*Extracted data:*
────────────────────

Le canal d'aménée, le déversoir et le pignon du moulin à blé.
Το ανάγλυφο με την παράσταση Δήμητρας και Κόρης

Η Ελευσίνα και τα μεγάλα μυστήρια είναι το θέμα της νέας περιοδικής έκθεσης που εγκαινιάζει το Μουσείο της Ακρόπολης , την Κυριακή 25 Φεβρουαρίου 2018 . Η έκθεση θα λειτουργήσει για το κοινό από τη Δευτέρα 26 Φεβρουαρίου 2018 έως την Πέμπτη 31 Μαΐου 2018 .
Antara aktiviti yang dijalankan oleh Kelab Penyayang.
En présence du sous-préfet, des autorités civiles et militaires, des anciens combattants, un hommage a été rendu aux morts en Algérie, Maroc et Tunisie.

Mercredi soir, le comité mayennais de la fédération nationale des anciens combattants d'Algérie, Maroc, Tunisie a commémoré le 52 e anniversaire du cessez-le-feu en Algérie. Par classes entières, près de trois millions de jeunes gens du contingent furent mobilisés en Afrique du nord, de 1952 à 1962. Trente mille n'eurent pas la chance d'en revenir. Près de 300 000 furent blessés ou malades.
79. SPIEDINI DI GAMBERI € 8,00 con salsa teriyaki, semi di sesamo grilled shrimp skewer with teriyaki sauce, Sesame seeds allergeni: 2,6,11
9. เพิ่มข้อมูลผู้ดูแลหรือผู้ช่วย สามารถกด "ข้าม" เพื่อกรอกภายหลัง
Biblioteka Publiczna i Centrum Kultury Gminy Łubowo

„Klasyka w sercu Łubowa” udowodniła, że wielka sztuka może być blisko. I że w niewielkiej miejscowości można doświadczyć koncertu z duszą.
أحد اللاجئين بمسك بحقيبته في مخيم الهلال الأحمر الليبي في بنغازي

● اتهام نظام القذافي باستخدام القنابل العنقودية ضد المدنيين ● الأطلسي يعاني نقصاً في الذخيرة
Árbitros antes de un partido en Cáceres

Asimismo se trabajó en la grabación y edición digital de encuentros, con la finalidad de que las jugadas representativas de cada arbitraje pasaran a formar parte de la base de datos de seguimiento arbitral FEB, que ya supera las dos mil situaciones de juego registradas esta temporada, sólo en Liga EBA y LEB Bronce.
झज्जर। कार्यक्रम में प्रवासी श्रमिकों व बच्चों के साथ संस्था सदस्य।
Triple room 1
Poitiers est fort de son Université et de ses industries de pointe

────────────────────

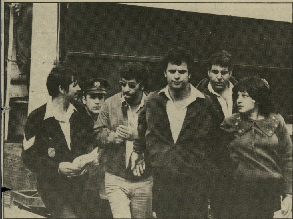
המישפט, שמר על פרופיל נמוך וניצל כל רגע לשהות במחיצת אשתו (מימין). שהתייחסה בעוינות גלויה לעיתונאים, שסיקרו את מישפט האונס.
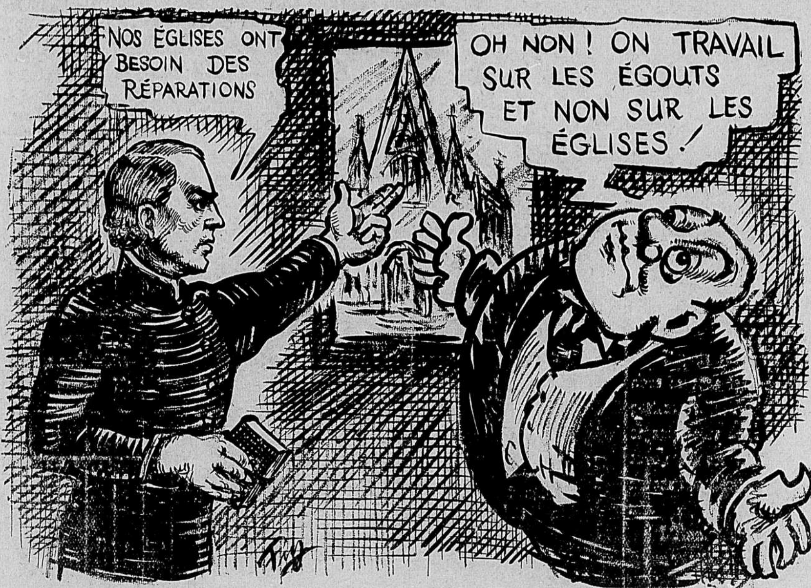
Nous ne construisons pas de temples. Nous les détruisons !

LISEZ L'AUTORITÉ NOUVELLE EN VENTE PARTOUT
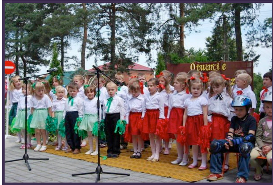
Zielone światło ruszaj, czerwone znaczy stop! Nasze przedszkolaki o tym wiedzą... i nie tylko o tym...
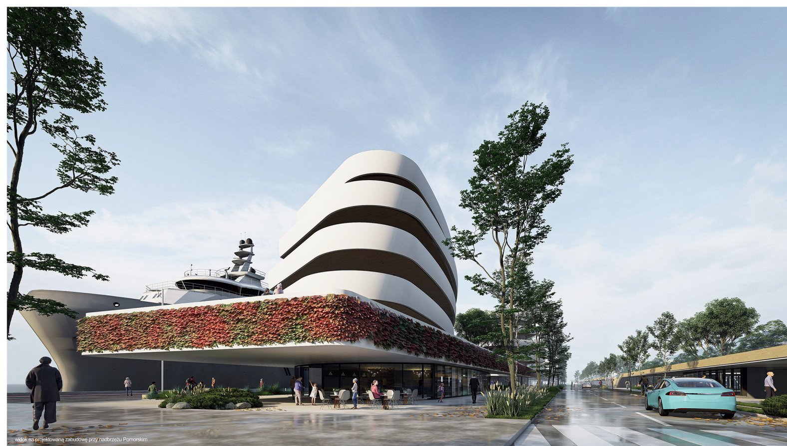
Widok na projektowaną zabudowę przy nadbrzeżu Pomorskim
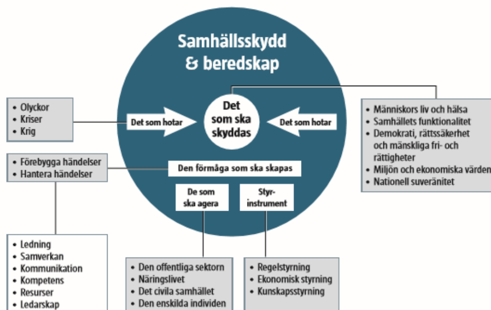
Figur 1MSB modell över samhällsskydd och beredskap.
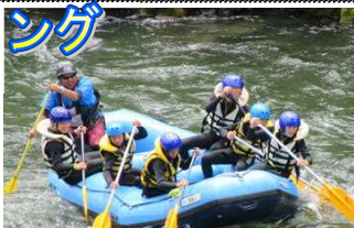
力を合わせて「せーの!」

────────────────────

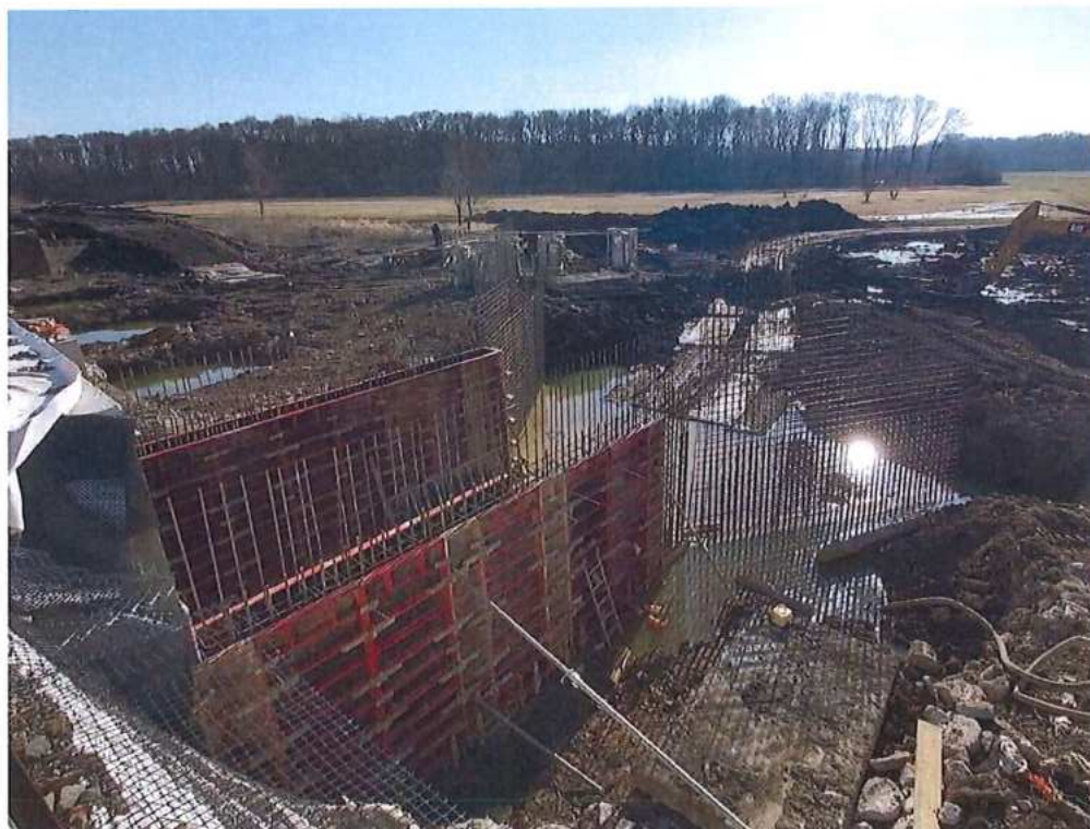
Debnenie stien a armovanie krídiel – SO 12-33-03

────────────────────

*Assignment:* Find each line in the records holding the string "Algérie" and show it.

*Solution to the problem:*
En présence du sous-préfet, des autorités civiles et militaires, des anciens combattants, un hommage a été rendu aux morts en Algérie, Maroc et Tunisie.
Mercredi soir, le comité mayennais de la fédération nationale des anciens combattants d'Algérie, Maroc, Tunisie a commémoré le 52 e anniversaire du cessez-le-feu en Algérie. Par classes entières, près de trois millions de jeunes gens du contingent furent mobilisés en Afrique du nord, de 1952 à 1962. Trente mille n'eurent pas la chance d'en revenir. Près de 300 000 furent blessés ou malades.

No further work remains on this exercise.